# Given data
○ ○ ○ ○

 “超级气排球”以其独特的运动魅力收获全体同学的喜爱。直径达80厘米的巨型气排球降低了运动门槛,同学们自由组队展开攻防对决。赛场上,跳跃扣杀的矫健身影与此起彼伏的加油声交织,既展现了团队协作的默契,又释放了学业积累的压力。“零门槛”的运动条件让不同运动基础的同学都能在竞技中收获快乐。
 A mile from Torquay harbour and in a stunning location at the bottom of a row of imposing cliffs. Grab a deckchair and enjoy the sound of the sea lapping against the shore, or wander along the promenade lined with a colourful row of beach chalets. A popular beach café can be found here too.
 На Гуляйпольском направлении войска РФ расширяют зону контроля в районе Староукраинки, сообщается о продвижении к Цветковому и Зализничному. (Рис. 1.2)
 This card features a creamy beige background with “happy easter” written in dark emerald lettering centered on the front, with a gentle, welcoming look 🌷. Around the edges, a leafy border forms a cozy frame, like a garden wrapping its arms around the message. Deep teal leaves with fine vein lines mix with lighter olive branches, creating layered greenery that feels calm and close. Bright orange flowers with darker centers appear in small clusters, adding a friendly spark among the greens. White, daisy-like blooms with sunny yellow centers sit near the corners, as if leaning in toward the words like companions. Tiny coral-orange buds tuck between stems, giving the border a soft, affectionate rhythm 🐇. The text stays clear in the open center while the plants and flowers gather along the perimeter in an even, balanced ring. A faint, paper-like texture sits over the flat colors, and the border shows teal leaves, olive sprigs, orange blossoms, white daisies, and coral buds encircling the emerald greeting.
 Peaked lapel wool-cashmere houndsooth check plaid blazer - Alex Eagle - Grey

○ ○ ○ ○

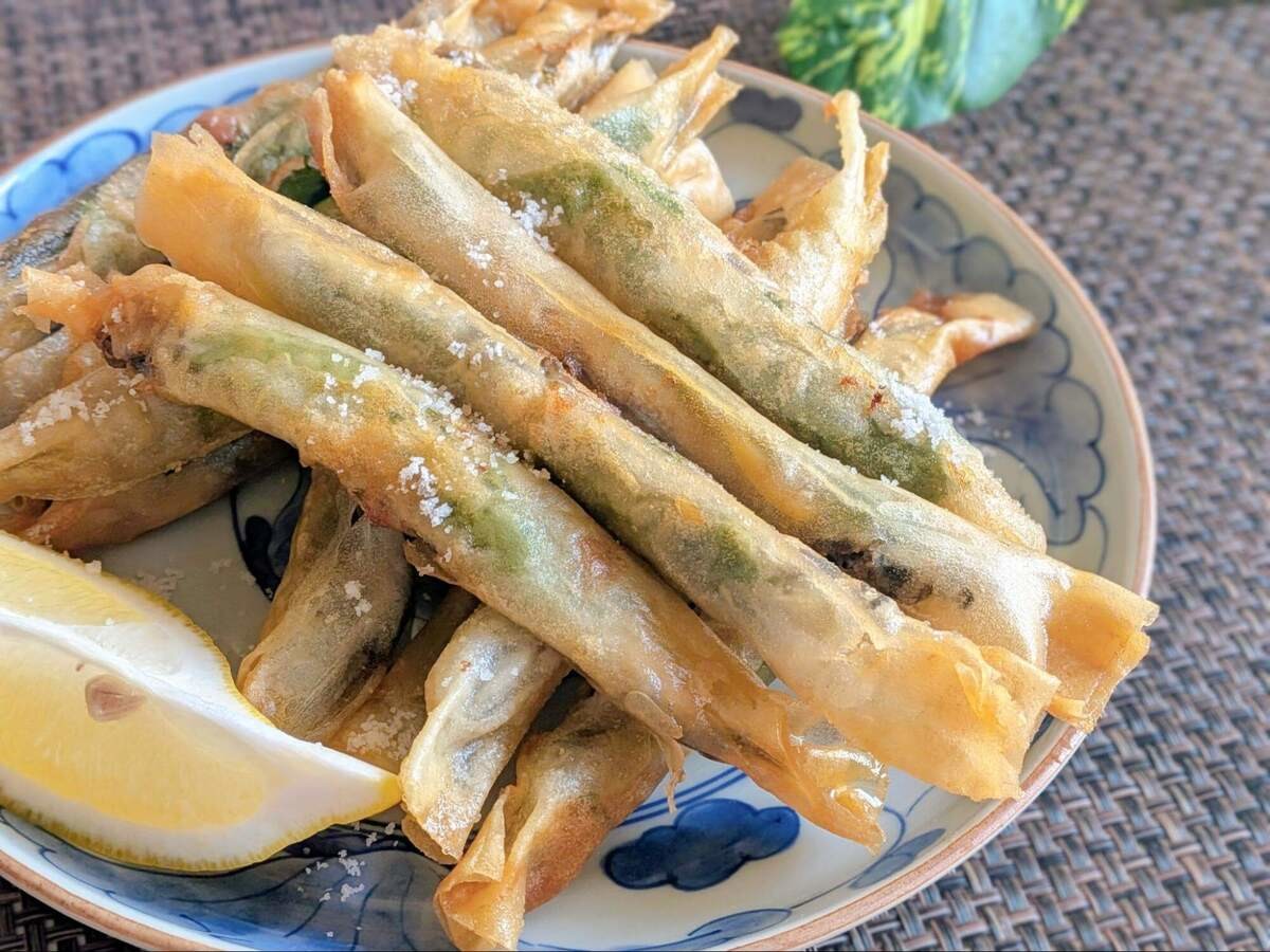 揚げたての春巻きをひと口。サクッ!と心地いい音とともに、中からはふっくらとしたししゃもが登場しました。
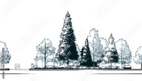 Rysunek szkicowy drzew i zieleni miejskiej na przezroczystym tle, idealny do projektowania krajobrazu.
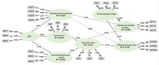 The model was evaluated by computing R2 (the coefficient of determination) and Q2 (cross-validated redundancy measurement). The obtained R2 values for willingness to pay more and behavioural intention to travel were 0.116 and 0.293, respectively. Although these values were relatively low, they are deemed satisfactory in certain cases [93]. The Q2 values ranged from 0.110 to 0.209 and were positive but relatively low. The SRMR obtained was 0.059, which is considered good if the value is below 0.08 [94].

○ ○ ○ ○

# Exercise aim
If a line in the material contains the word "along", copy that line.

# Exercise result
 A mile from Torquay harbour and in a stunning location at the bottom of a row of imposing cliffs. Grab a deckchair and enjoy the sound of the sea lapping against the shore, or wander along the promenade lined with a colourful row of beach chalets. A popular beach café can be found here too.
 This card features a creamy beige background with “happy easter” written in dark emerald lettering centered on the front, with a gentle, welcoming look 🌷. Around the edges, a leafy border forms a cozy frame, like a garden wrapping its arms around the message. Deep teal leaves with fine vein lines mix with lighter olive branches, creating layered greenery that feels calm and close. Bright orange flowers with darker centers appear in small clusters, adding a friendly spark among the greens. White, daisy-like blooms with sunny yellow centers sit near the corners, as if leaning in toward the words like companions. Tiny coral-orange buds tuck between stems, giving the border a soft, affectionate rhythm 🐇. The text stays clear in the open center while the plants and flowers gather along the perimeter in an even, balanced ring. A faint, paper-like texture sits over the flat colors, and the border shows teal leaves, olive sprigs, orange blossoms, white daisies, and coral buds encircling the emerald greeting.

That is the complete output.